As for O'Hara's "harpoon" statement, she says, "It's not 'true,' it's not scientific. Men's (penis) heads are not harpoon hooks, circumcised or not."

Bright says she has no problem with people declaring their sexual preferences "from the rooftops," but "to make it into a biology lesson or draw these conclusions that circumcised penises are unsafe and hurtful, is completely unsupported. Why can't people just love their fetishes for what they are?"

In the gay world, lots of men fetishize uncircumcised penises, in the same way that "size queens" exalt large penises. Foreskin Quarterly is a magazine devoted to the appreciation of uncut men, and in online gay sex postings the person seeking contact usually states his penis size and cut-or-uncut status.

But according to Bright, women generally don't fixate on genitalia as much as men. Carol Leigh, a sex historian and prostitute who calls herself Scarlot Harlot, is an exception. Raised in Long Island by Jewish parents, she says she's always adored uncircumcised penises because "they're exotic. It's extremely sexy to a nice Jewish girl from the suburbs."

When Paley was researching her book and asked about fellatio, she says, most women said they preferred circumcised. Foreskinned men "are harder to go down on," one said, "because they have folds. And you don't know what you're going to find there."

A New York yoga instructor, who chose not to give her name, agrees: "I can't help but feel that smegma (or other fluids) get trapped inside and they are not appealing to me." On a purely esthetic scale, she adds, "I much prefer the look of a circumcised penis. I can't help but think that the uncut looks serpentine – and I'm afraid of snakes."

A mother of two teenage children thinks the uncircumcised phallus looks like "an anteater." Kathy Brew, a New York filmmaker who was one of the interviewers on Menell's movie "Dick," said a number of the women she spoke to described it as "an elephant's trunk."

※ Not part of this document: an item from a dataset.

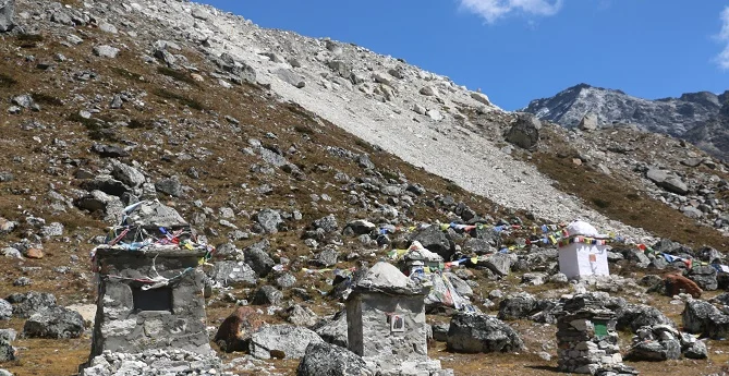 Sudden Drop in Temperature: Nights are cold (-5°C to -10°C); extra layers might be needed. For Example: Lobuche and Gorakshep have freezing temperatures in Springtime: March, April and May.

Anteater. Serpent. Elephant's trunk.

Can Mr. Johnson get some respect?

"Circumcised is my preference," says Brew. "Maybe it's just convention. Maybe familiarity." Indeed, circumcision was so widely practiced in the United States until the 1980s that most women over 25 have little or no experience with uncut men. I spoke with one woman, 56, who slept with 110 men in the footloose 1970s – she kept a record – and swears only one of her lovers was uncircumcised.

If the reverse were true, and uncut men were the vast majority, wouldn't women feel more squeamish about knobs than they do about hoods?

Maybe not. "Most women, unfortunately, do not pay a lot of attention to a man's penis," Bright says. "They've been brought up not to look or dwell on a part of the body, or to sexualize one's genitals. If more women took an interest in their sexual self-interest, we'd see more of this conversation among women."